As I read through this chapter, I found it to be very interesting as well as very helpful. It kind of created a baseline for a topic that so many people view differently. I’m sure we’ve all experienced those friends in a relationship who think they are just the ideal couple. You know, the ones who must remind us how happy and in love they are like every 5 minutes. They “literally never fight.” Meanwhile, the rest of us are looking at them with that extremely confused look on our face as they begin to drunkenly fight at the bar. Relationships are complicated, and I think it’s very easy for people to develop warped perceptions. So I really like how this chapter guided reflection that could be really eye-opening. It also made me realize how beneficial counseling could be in helping others to reflect on their current and past relationships.

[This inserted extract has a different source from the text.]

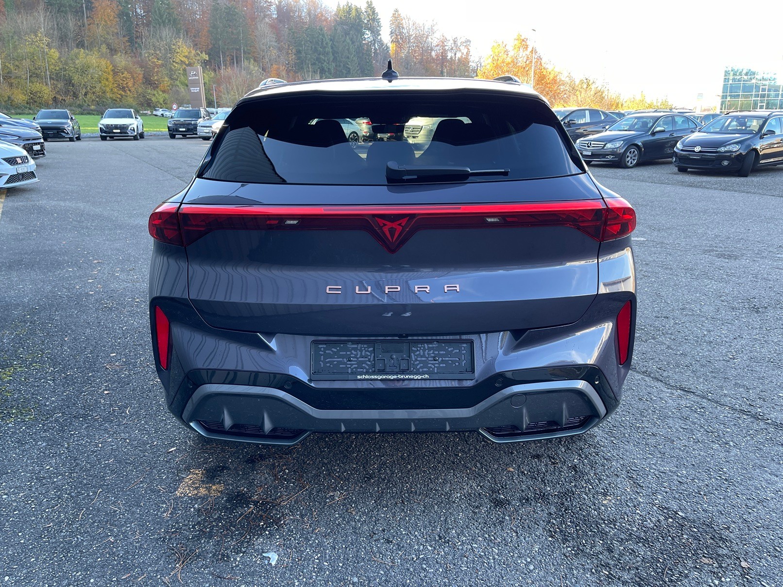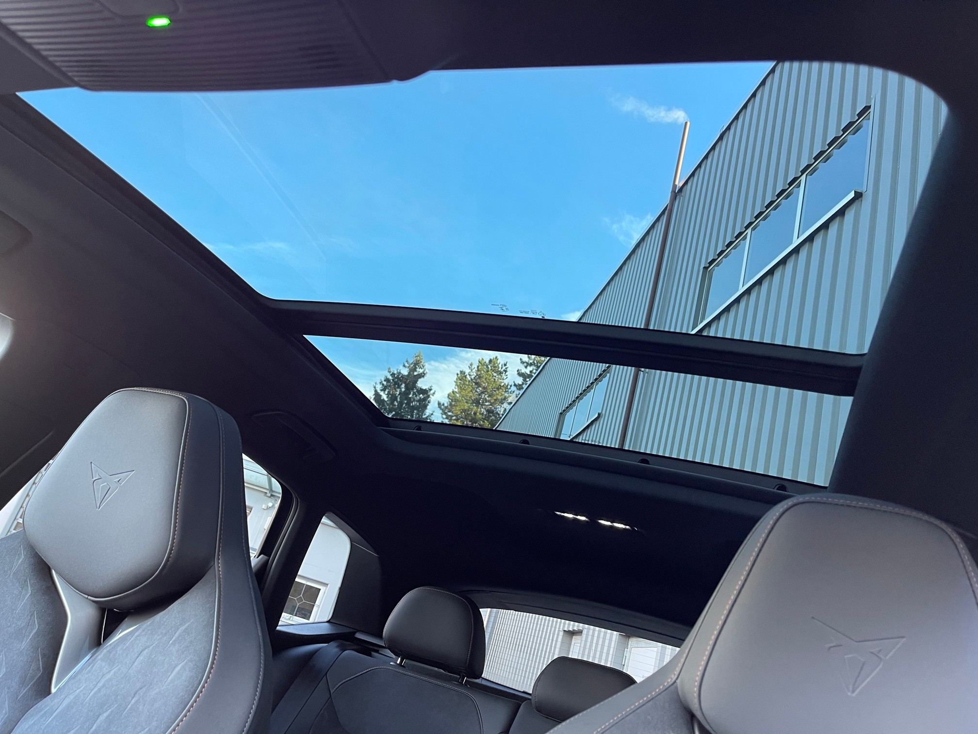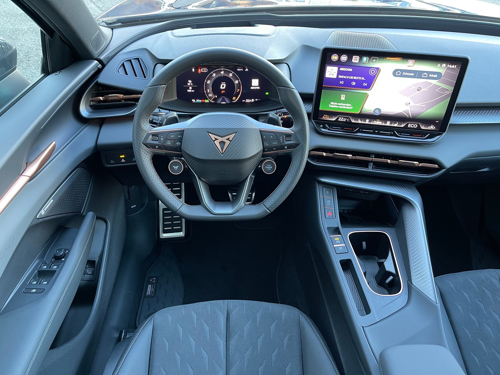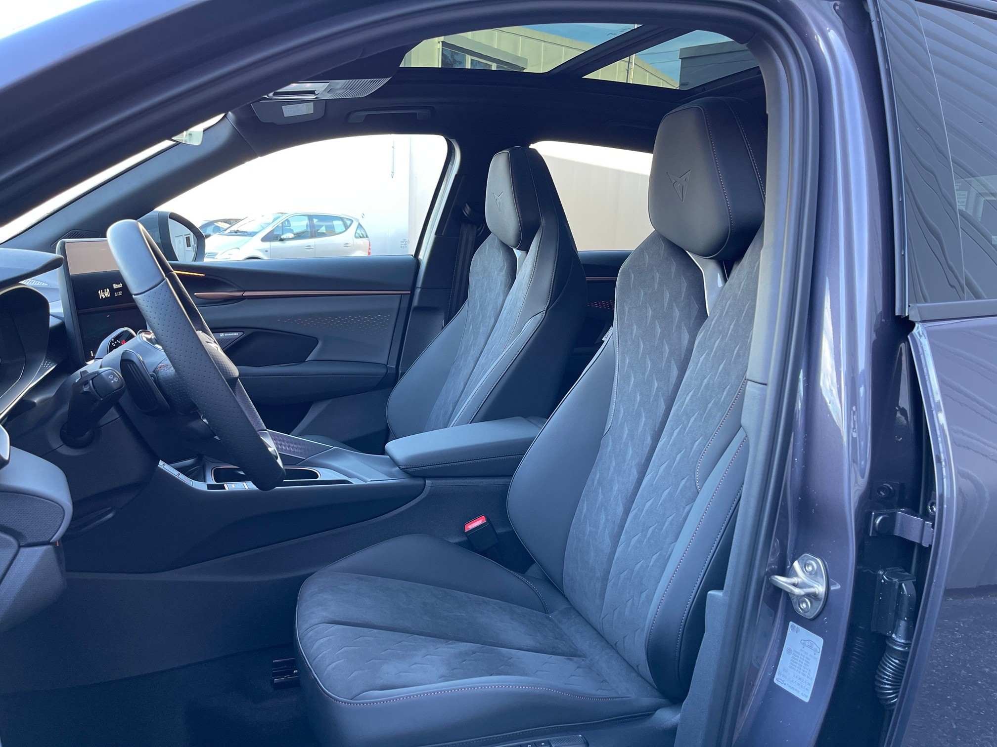 3-Punkt-Sicherheitsgurte auf allen Plätzen ABS, EBV elektronische Bremskraft-verteilung Abgedunkelte Scheiben ab B-Säule hinten Airbag: Airbag Beifahrer deaktivierbar Airbag: Airbag Fahrer und Beifahrer Airbag: Kopfairbags vorne und hinten Airbag: Seitenairbags für Fahrer und Beifahrer Alarmanlage mit Innenraumüberwachung Assist: Aufmerksamkeits- und Müdigkeitserkennung (ADA) Assist: Ausweichunterstützung / Abbiegeassistent Assist: Automatische Distanzregelung ACC Assist: City Notbremsfunktion Assist: Einparkhilfe vorne und hinten mit Rückfahrkamera Assist: Elektronische Parkbremse mit Auto Hold Funktion Assist: Lane assist (Spurhalteassistent) Assist: Multifunktionskamera Assist: Multikollisionsbremse Assist: Prädiktive Speedlimiter Assist: Traffic sign recognition (Verkehrszeichenerkennung) Assist: Umfeldüberwachungssystem "Front-Assist" Aussenspiegel elektrisch einstell-, beheiz- und einklappbar Aussenspiegel mit LED-Umfeldbeleuchtung Beleuchtete Sonnenblende links mit abdeckbarem Spiegel und Lasche, rechts mit abdeckbarem Spiegel ESC mit EBA, DSR, XDS und Reifendruckkontrolle Einstiegsleisten beleuchtet Elektrische Fensterheber vorne und hinten mit Komfortschaltung und Einklemmschutz Fahrwerk: Adaptive Fahrwerksregelung DCC Fahrwerk: CUPRA Sportfahrwerk Fahrwerk: Progressivlenkung Full Digital Cockpit 10.25" Fussmatten vorne und hinten Garantie: Cupra 12 Jahre Gewährleistung gegen Karosserie-Durchrostung Garantie: Cupra 3 Jahre Lack-Gewährleistung Garantie: Cupra Garantie Batterie- Gewährleistung 8 Jahre oder 160000 KM auf 70% Batterieleistung. Garantie: Cupra Hersteller-Garantieverlängerung für das 3., 4. und 5. Jahr / max.100000 km Heckklappe elektrisch öffnend und schliessend "Virtual Pedal" Heckscheiben-Wisch-/Waschanlage mit Intervall Innenspiegel automatisch abblendbar Klima: 3-Zonen Climatronic mit Fondraumbedienung LED-Ambientebeleuchtung Smart Wraparound, inkl. Funktionsanzeige Lackierung: Uni-Lackierung Ladekabel für Haushaltssteckdose (Mode 2) Lenkrad: Leder Multifunktionslenkrad mit Schaltwippen, beheizbar Licht: Drittes Bremslicht Licht: Durchgehende Full LED-Heckleuchten Licht: LED Heckleuchten mit beleuchtetem 3D CUPRA Logo Licht: LED-Heckleuchten mit dynamischem Blinklicht Licht: LED-Nebelscheinwerfer mit Cornering-Funktion Licht: LED-Scheinwerfer für Abblend- und Fernlicht Licht: Leuchtweitenregulierung dynamisch Licht: Nebelschlussleuchte Media: 12,9" Infotainment (MIB3) Media: 2 USB C Anschlüsse hinten und vorne Media: CUPRA Connect Remote & Access / CUPRA Connect Safety & Services Media: CUPRA Connectivity Box Media: DAB+ (Digital Audio Broadcasting) Media: Mobiltelefon Freisprechanlage Bluetooth Mittelarmlehne vorne und hinten Pyrotechnische Gurtstraffer und Gurtkraftbegrenzer Räder: Alufelgen 8.5J x 19", "COSMIC" Machined in Sport Black Matt & Silver Räder: Reifendruckkontrollsystem Schlüsselloses Schliess- und Startsystem (KESSY Advance) Servolenkung mit geschwindigkeitsabhängiger Lenkkraftunterstützung Sitze: 3 verstellbare Kopfstützen hinten Sitze: CUPRA Sport Schalensitze in Textil, "DEEP OCEAN" "SEAQUAL" Sitze: Geteilt abklappbare Rücksitzlehne 1/3 - 2/3 Sitze: Geteilt abklappbare Rücksitzlehne mit Mittelarmlehne Sitze: Kindersitzverankerung ISOFIX hinten Sitze: Vordersitze höhenverstellbar mit Lendenwirbelstütze Stopp - Start- und Rekuperationssystem Wegfahrsperre elektronisch Zentralverriegelung mit Funkfernbedienung, 2 Funkschlüssel

I think one of my favorite parts of the chapter was the section on the important qualities of a relationship. One of the qualities Corey & Corey (2008) noted was, “They do not expect the other to do for them what they are capable of doing for themselves.” Whether we are in a relationship or not, we need to give ourselves value and worth. We can give our own confirmation of being special or funny or attractive. So having a significant other should not change that. One should not feel special just because that other person said so. Expecting another person to make us feel happy or content seems like an added pressure to the relationship. This may be irrelevant, but I always say that I do not need a man in order to have nice jewelryJ
The section on addressing conflict was another part that I really seemed to appreciate. For me it’s another one of those topics where I wonder how I respond in conflict compared to others. Am I really mean? Scary? Way too nice? I do not feel like an angry person very often and rarely raise my voice. However, I have a tendency to use sarcasm or extreme calmness, which then has a tendency to really upset others. Lately I have been working to monitor my sarcasm, as well as annoyance sounds and facial expressions, to make confrontation a better and less damaging part of my relationships.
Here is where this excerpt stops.